LOS ANGELES — The City Council in San Bernardino, Calif., approved a “pre-pendency” plan Wednesday that outlines $22 million in spending cuts to help the city chip away at the $45.8 million deficit that led it to declare bankruptcy in July.

The council retained plans to cut 100 city positions, outlined in the city management’s original plan, but made adjustments about where the cuts would come from.

The plan, which will be the basis for San Bernardino’s budget during its bankruptcy case, still leaves a $16.4 million projected deficit for this fiscal year requiring further cuts, the interim city manager, Andrea Travis-Miller, said in the plan’s report.

During meetings that stretched over a two-day period, ending with a 4-to-2 midnight vote in favor of the plan, some aspects were swapped to get at the $22 million in cuts included in the plan.

Council members postponed a vote until Sept. 17 on a proposal by acting fire chief Paul Drasil to cut his department costs by rotating closures of the city’s least-used fire stations. At that time, the council will consider an alternative plan proposed by Councilman Chaz Kelley to cut management positions.

The council also directed Travis-Miller to release a request for proposals for public-private partnership leasing opportunities for the city’s garbage operation and report back in two weeks on the success of the RFP.

Bankruptcy documents filed by city staff on Thursday outline just how steep a ravine city leaders are going to have to ascend to get the city back on sound financial ground.

Over the past year, the city experienced almost total turnover in its fiscal management staff.
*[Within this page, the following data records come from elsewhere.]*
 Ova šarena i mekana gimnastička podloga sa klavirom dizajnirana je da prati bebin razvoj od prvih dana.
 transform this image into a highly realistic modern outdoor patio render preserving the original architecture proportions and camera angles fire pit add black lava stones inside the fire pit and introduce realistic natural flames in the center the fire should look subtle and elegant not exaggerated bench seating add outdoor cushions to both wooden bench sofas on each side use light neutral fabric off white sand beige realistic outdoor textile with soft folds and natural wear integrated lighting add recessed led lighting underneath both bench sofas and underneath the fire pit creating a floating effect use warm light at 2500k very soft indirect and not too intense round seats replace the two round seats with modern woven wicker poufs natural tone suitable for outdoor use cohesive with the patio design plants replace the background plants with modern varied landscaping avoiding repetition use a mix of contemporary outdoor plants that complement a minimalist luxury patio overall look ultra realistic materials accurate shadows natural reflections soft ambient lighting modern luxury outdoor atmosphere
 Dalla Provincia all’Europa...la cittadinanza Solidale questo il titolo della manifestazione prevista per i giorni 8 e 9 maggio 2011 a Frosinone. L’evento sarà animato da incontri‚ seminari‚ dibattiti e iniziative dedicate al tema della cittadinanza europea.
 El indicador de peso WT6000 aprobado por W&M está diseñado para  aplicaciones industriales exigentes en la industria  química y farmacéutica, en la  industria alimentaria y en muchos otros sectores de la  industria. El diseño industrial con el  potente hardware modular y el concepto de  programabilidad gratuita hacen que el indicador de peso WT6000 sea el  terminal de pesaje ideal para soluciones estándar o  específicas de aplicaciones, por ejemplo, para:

Newly arrived staffers like finance director Jason Simpson, named to his position on March 28, discovered a financial quagmire during this year’s budget process.
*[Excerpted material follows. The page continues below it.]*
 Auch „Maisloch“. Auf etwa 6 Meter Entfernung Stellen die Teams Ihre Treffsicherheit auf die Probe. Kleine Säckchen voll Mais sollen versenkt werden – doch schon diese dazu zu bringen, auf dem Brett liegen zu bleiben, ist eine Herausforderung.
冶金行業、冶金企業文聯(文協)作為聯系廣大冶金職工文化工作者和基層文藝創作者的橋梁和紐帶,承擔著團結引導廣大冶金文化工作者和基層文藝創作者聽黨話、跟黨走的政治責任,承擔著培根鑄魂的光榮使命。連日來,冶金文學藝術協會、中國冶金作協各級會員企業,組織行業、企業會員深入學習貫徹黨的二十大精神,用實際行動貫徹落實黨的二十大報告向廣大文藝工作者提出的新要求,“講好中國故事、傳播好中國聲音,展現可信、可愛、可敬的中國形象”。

In court documents, Simpson explained how San Bernardino issued $90 million in pension obligation bonds in 2005 to reduce unfunded pension liabilities.

The bond issuance reduced the city’s annual pension costs by $2 million annually, but that ground gained was lost when CalPERS pension portfolio took a hit in the financial markets.
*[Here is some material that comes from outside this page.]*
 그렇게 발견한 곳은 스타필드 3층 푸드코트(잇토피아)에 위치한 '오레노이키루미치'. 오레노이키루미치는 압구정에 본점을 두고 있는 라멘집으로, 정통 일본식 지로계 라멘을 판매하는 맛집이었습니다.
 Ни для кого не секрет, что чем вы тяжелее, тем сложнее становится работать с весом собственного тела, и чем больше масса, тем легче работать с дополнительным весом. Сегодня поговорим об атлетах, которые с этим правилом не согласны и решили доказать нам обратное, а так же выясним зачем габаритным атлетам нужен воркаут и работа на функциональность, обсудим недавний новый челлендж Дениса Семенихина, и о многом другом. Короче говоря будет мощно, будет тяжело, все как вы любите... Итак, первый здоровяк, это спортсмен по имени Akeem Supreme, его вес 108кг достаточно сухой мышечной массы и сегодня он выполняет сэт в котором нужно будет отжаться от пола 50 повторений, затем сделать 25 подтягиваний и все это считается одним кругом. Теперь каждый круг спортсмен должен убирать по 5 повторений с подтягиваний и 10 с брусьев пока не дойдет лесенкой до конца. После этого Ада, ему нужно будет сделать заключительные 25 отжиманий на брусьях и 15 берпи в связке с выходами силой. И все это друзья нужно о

The city’s annual $3.3 million debt payment on its pension obligation bonds is anticipated to nearly double by fiscal 2012-22.

Despite personnel cuts made over the past four years, the city’s expenses continue to increase.

“The trends from the last several years remain the same in its current fiscal year — while the city’s revenues have not recovered following the steep declines of the Great Recession and housing bubble burst, its general fund expenses remain the same or are increasing,” Simpson said in the document.

In addition to the $90 million of outstanding pension debt obligations, the city’s decision to be the successor agency for its now-defunct redevelopment agency means additional debt obligations of roughly $200 million.

Officials made no proposal to cut the city’s $1.76 million in debt service payments for fiscal 2013, or the $3.4 million of pension obligation bond payments.

“Adoption of the modified pre-pendency plan does not entirely solve San Bernardino’s cash-flow problem this year or provide the long-term fixes needed to ensure the city’s fiscal health going forward,” said Gwendolyn Waters, the city’s acting assistant city manager.

“What the plan does allow the city to do is start making the spending cuts that must be made to bring the city’s spending into line with its expected revenues for this fiscal year,” she added.

Creditors objecting to the bankruptcy have until Oct. 24 to file a petition. A status hearing has been scheduled by U.S. Bankruptcy Judge Meredith M. Jury for Nov. 5 in the court’s Central District of California, Riverside Division.